The transmitter 102 may comprise suitable logic, circuitry, interfaces, and/or code that may be operable to drive an ultrasound probe 104. The ultrasound probe 104 may be a linear, convex, intracavitary, or phased array transducer. The ultrasound probe 104 may comprise a two dimensional (2D) array of piezoelectric elements. The ultrasound probe 104 may comprise a group of transmit transducer elements 106 and a group of receive transducer elements 108, that normally constitute the same elements. The group of transmit transducer elements 106 may emit ultrasonic signals through oil and a probe cap and into a target. In a representative embodiment, the ultrasound probe 104 may be operable to acquire ultrasound image data covering at least a substantial portion of an anatomy, such as a liver, kidney, pancreas, spleen, kidney, or any suitable anatomical structure. In an exemplary embodiment, the ultrasound probe 104 may be operated in a volume acquisition mode, where the transducer assembly of the ultrasound probe 104 acquires a plurality of parallel 2D ultrasound slices forming an ultrasound volume.

The transmit beamformer 110 may comprise suitable logic, circuitry, interfaces and/or code that may be operable to control the transmitter 102 which, through a transmit sub-aperture beamformer 114, drives the group of transmit transducer elements 106 to emit ultrasonic transmit signals into a region of interest (e.g., human, animal, underground cavity, physical structure and the like). The transmitted ultrasonic signals may be back-scattered from structures in the object of interest, like blood cells or tissue, to produce echoes. The echoes are received by the receive transducer elements 108.

The group of receive transducer elements 108 in the ultrasound probe 104 may be operable to convert the received echoes into analog signals, undergo sub-aperture beamforming by a receive sub-aperture beamformer 116 and are then communicated to a receiver 118. The receiver 118 may comprise suitable logic, circuitry, interfaces and/or code that may be operable to receive the signals from the receive sub-aperture beamformer 116. The analog signals may be communicated to one or more of the plurality of A/D converters 122.

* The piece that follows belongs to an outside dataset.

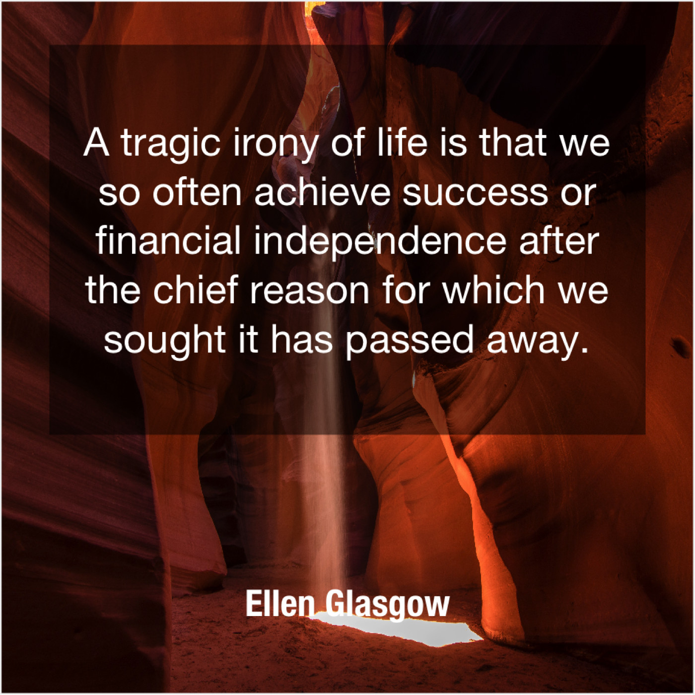 “A tragic irony of life is that we so often achieve success or financial independence after the chief reason for which we sought it has passed away.”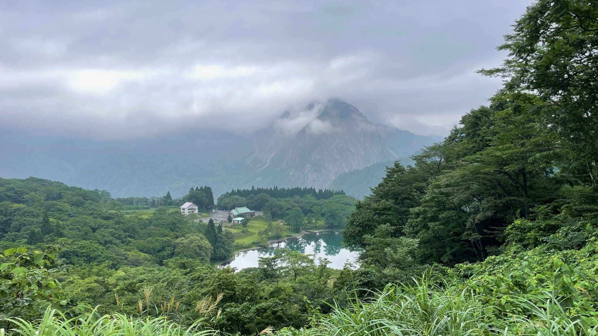 設営時は曇りでしたが、翌朝まで雨が降ったり止んだりで少し明るくなっても、残念ながらお目当ての明星山の大岩壁をはっきり拝むことは叶いませんでした。

The plurality of A/D converters 122 may comprise suitable logic, circuitry, and interfaces and/or code that may be operable to convert the analog signals from the receiver 118 to corresponding digital signals. The plurality of A/D converters 122 are disposed between the receiver 118 and the RF processor 124. Notwithstanding, the disclosure is not limited in this regard. Accordingly, in some embodiments, the plurality of A/D converters 122 may be integrated within the receiver 118.

The RF processor 124 may comprise suitable logic, circuitry, interfaces, and/or code that may be operable to demodulate the digital signals output by the plurality of A/D converters 122. In accordance with an embodiment, the RF processor 124 may comprise a complex demodulator (not shown) that is operable to demodulate the digital signals to form me/Q data pairs that are representative of the corresponding echo signals. The RF or I/Q signal data may then be communicated to an RF/IQ buffer 126. The RF/IQ buffer 126 may comprise suitable logic, circuitry, interfaces, and/or code that may be operable to provide temporary storage of the RF or I/Q signal data, which is generated by the RF processor 124.

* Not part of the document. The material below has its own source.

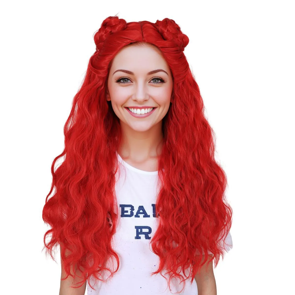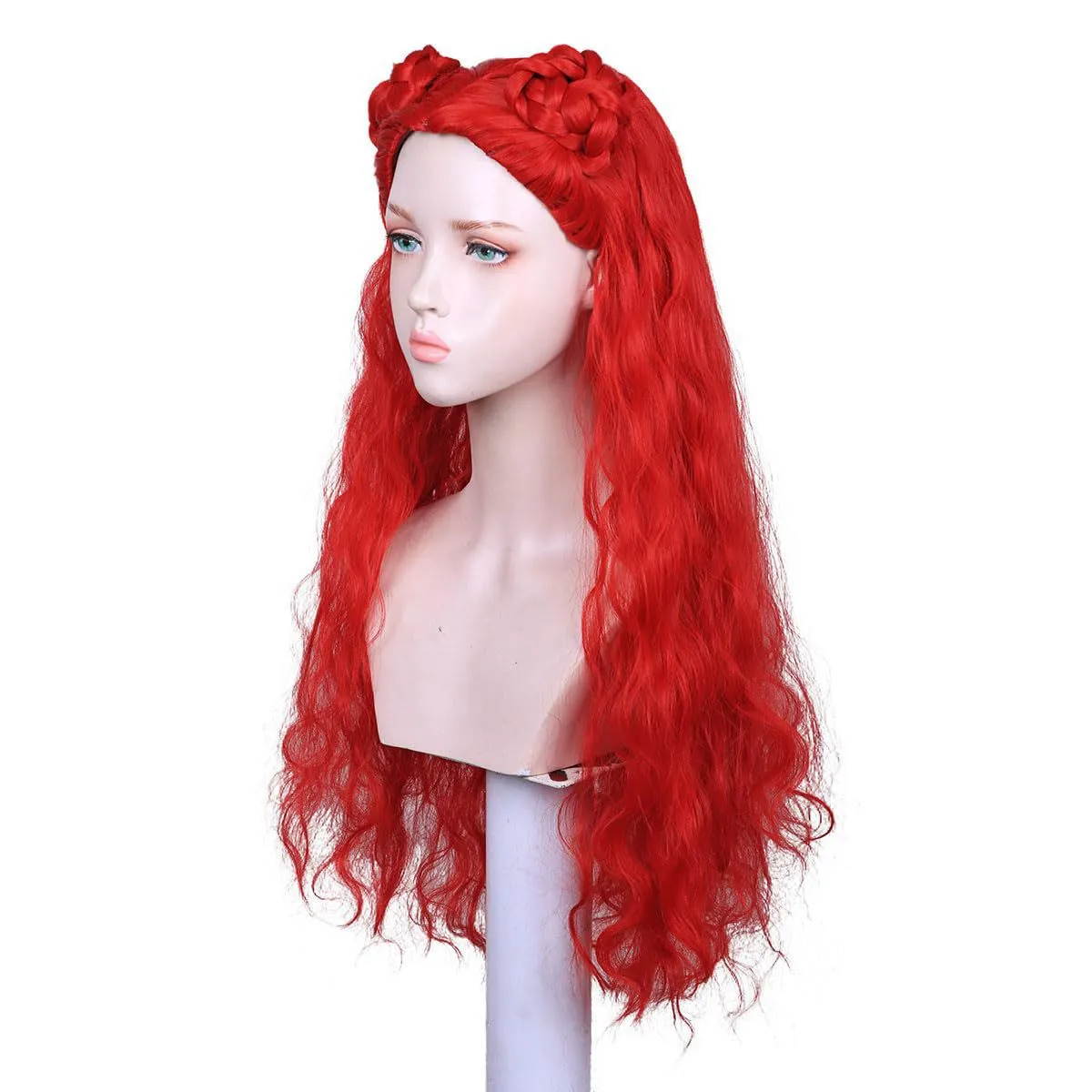📚 跨境新款欧美电影后裔4假发星光继承者红色万圣节Cosplay长卷假发

The receive beamformer 120 may comprise suitable logic, circuitry, interfaces and/or code that may be operable to perform digital beamforming processing to, for example, sum the delayed channel signals received from RF processor 124 via the RF/IQ buffer 126 and output a beam summed signal. The resulting processed information may be the beam summed signal that is output from the receive beamformer 120 and communicated to the signal processor 132. In accordance with some embodiments, the receiver 118, the plurality of A/D converters 122, the RF processor 124, and the beamformer 120 may be integrated into a single beamformer, which may be digital. In various embodiments, the ultrasound system 100 comprises a plurality of receive beamformers 120.

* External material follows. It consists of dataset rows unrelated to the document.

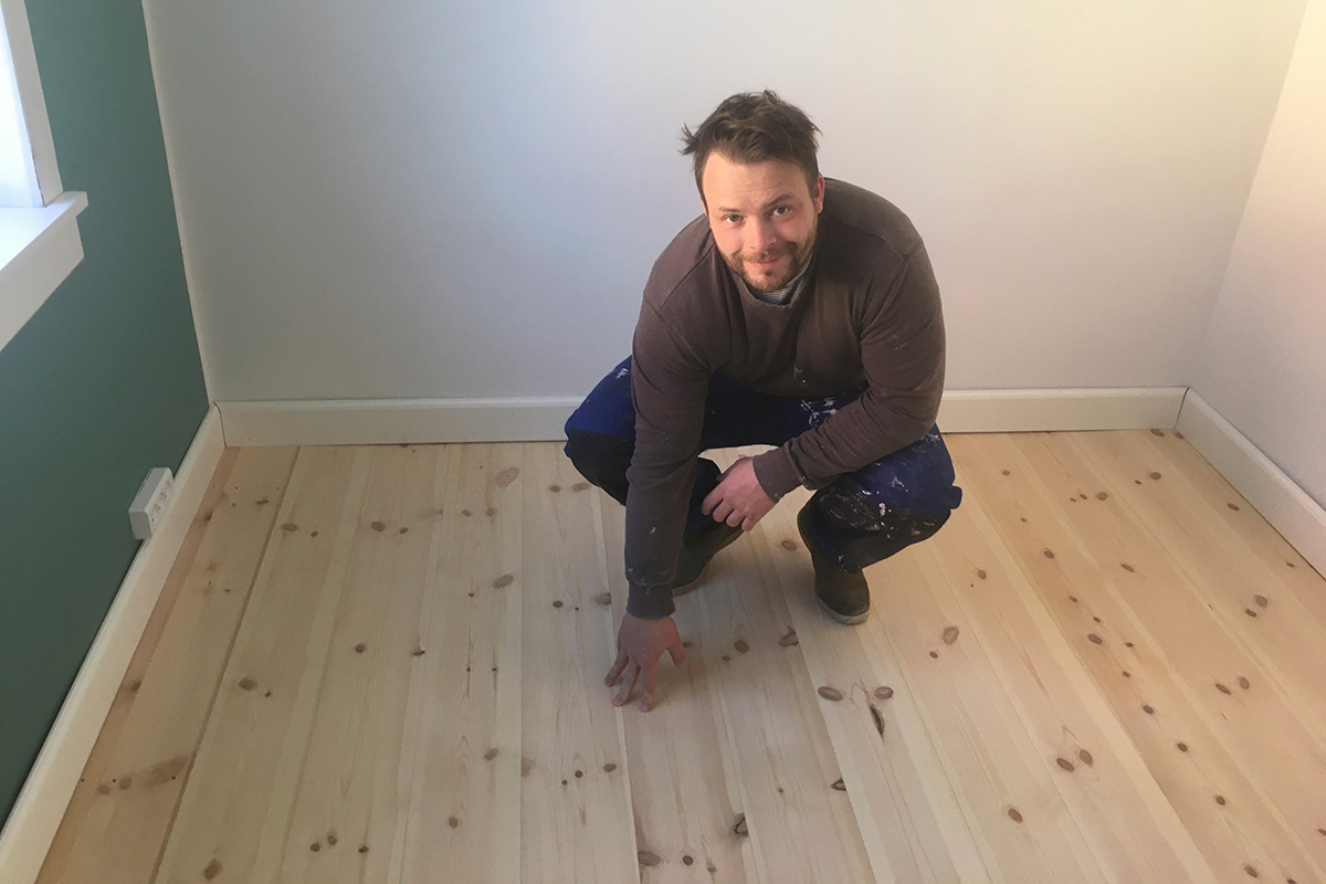 Kapp til det første bordet. Det skal være 5 mm luft ut mot veggen i begge ender, slik at treet kan bevege seg. Men husk at det ikke skal være så mye luft at fotlistene ikke kan dekke sprekken.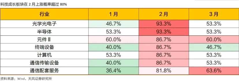 在春季行情方面,天風(fēng)證券表示,雖然上述業(yè)績(jī)穩(wěn)定的板塊在前期保持占優(yōu),但進(jìn)入2月后,元件、半導(dǎo)體、計(jì)算機(jī)、光學(xué)光電子、通信傳輸設(shè)備、通信配套服務(wù)、終端設(shè)備等科技成長(zhǎng)板塊顯著好于其他板塊。值得關(guān)注的是,上述行業(yè)在2月當(dāng)月的上漲概率高達(dá)80%以上。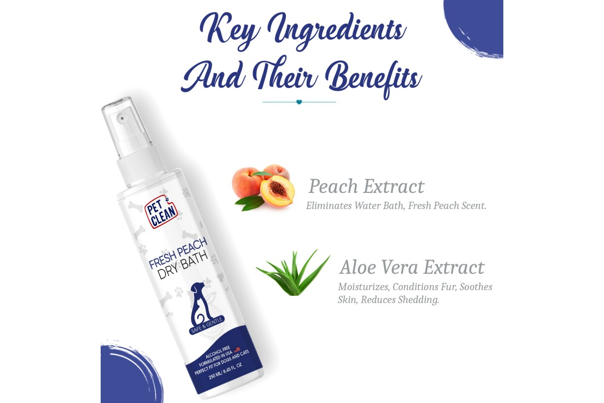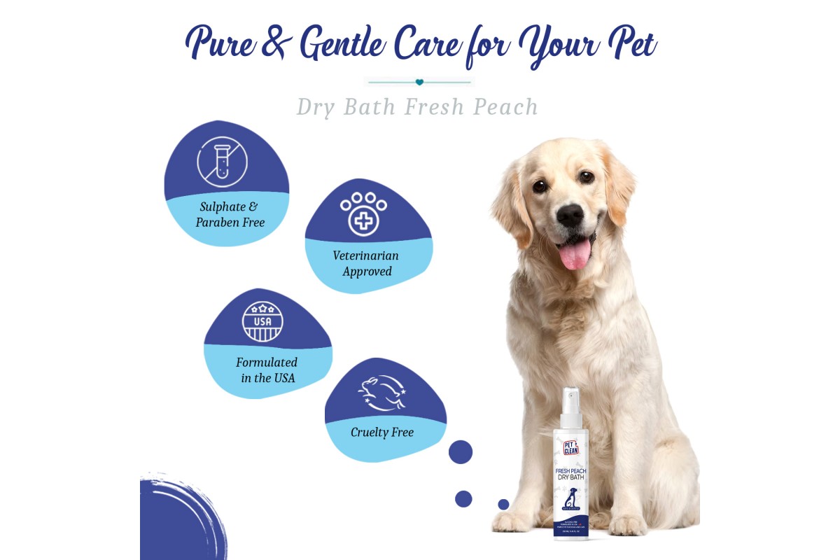 Сухий шампунь Pet Clean DRY BATH-FRESH PEACH для домашніх тварин з ароматом персику 250мл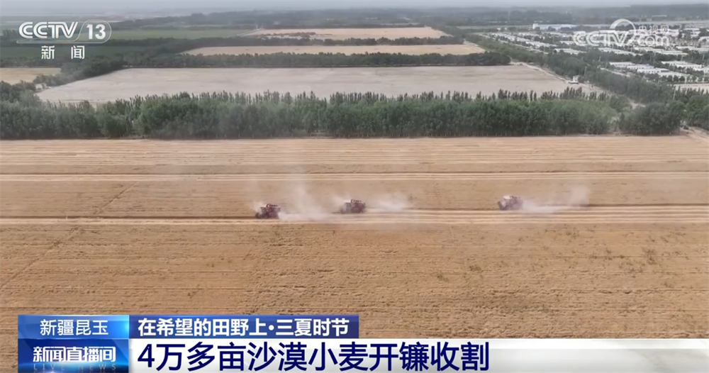眼下,在塔克拉玛干沙漠南缘的新疆昆玉市,4万多亩沙漠小麦陆续成熟开镰收割。当地探索“良种+良法”的沙漠农业种植体系,助力小麦增收。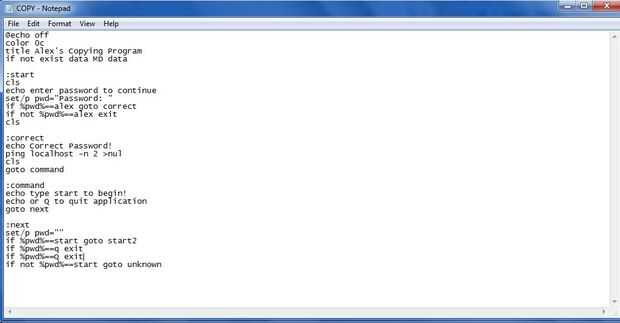 Si % pwd == alex goto correcto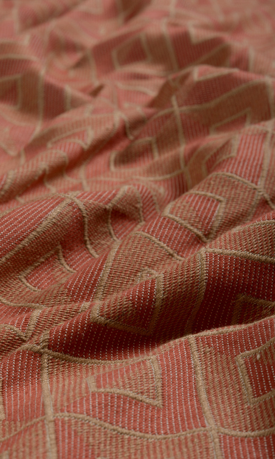 As practical as it is pretty. Sturdy enough to be used in heavy duty spaces, its cherry red and peanut brown colorway can go without needing dry cleaning for long durations. The diamond check weave with alternating colors is gorgeously geometric. We recommend this fabric for earthen tones and homely lived-in decors.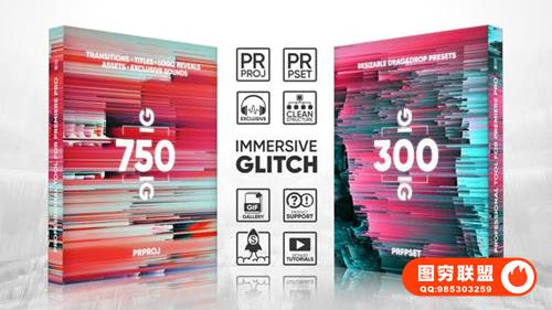 图穷联 » [PR模板/预设]1050种故障干扰音效转场LOGO文字标题毛刺失真视觉特效 Glitch

The user input device 130 may be utilized to input patient data, scan parameters, settings, select protocols and/or templates, select target structures for acquisition of images, input and/or select a region of interest, modify a region of interest, select regions of interest used to acquire images, a focused/zoomed volume, and the like. In an exemplary embodiment, the user input device 130 may be operable to configure, manage, and/or control operation of one or more components and/or modules in the ultrasound system 100. In this regard, the user input device 130 may be operable to configure, manage and/or control operation of the transmitter 102, the ultrasound probe 104, the transmit beamformer 110, the receiver 118, the receive beamformer 120, the RF processor 124, the RF/IQ buffer 126, the user input device 130, the signal processor 132, the image buffer 136, the display system 134, and/or the archive 138. The user input device 130 may include button(s), rotary encoder(s), a touchscreen, motion tracking, voice recognition, a mousing device, keyboard, camera, and/or any other device capable of receiving a user directive. In certain embodiments, one or more of the user input devices 130 may be integrated into other components, such as the display system 134 or the ultrasound probe 104, for example. As an example, user input device 130 may include a touchscreen display.

The signal processor 132 may comprise suitable logic, circuitry, interfaces and/or code that may be operable to process ultrasound scan data (e.g., summed IQ signal) for generating ultrasound images for presentation on a display system 134. The signal processor 132 is operable to perform one or more processing operations according to a plurality of ultrasound modalities (such as B-mode, Doppler, and color Doppler modalities) on the acquired ultrasound scan data. In an exemplary embodiment, the signal processor 132 may be operable to perform display processing and/or control processing, among other things. Acquired ultrasound scan data, such as spatial B-mode data, may be processed in real-time during a scanning session as the echo signals are received. Additionally or alternatively, the ultrasound scan data may be stored temporarily in the RF/IQ buffer 126 during a scanning session and processed in less than real-time in a live or off-line operation. In various embodiments, the processed image data can be presented at the display system 134 and/or may be stored at the archive 138. The archive 138 may be a local archive, a Picture Archiving and Communication System (PACS), or any suitable device for storing images and related information.

The signal processor 132 may be one or more central processing units, microprocessors, microcontrollers, and/or the like. The signal processor 132 may be an integrated component, or may be distributed across various locations, for example. In an exemplary embodiment, the signal processor 132 may comprise a data transformation processor 140 (or image data transformation processor 140), and a feature identification processor 150. The signal processor 132 may be capable of receiving input information from a user input device 130 and/or archive 138, generating an output displayable by a display system 134, and manipulating the output in response to input information from a user input device 130, among other things. The signal processor 132, the data transformation processor 140, and/or the feature identification processor 150 may be capable of executing any of the method(s) and/or set(s) of instructions discussed herein in accordance with the various embodiments, for example.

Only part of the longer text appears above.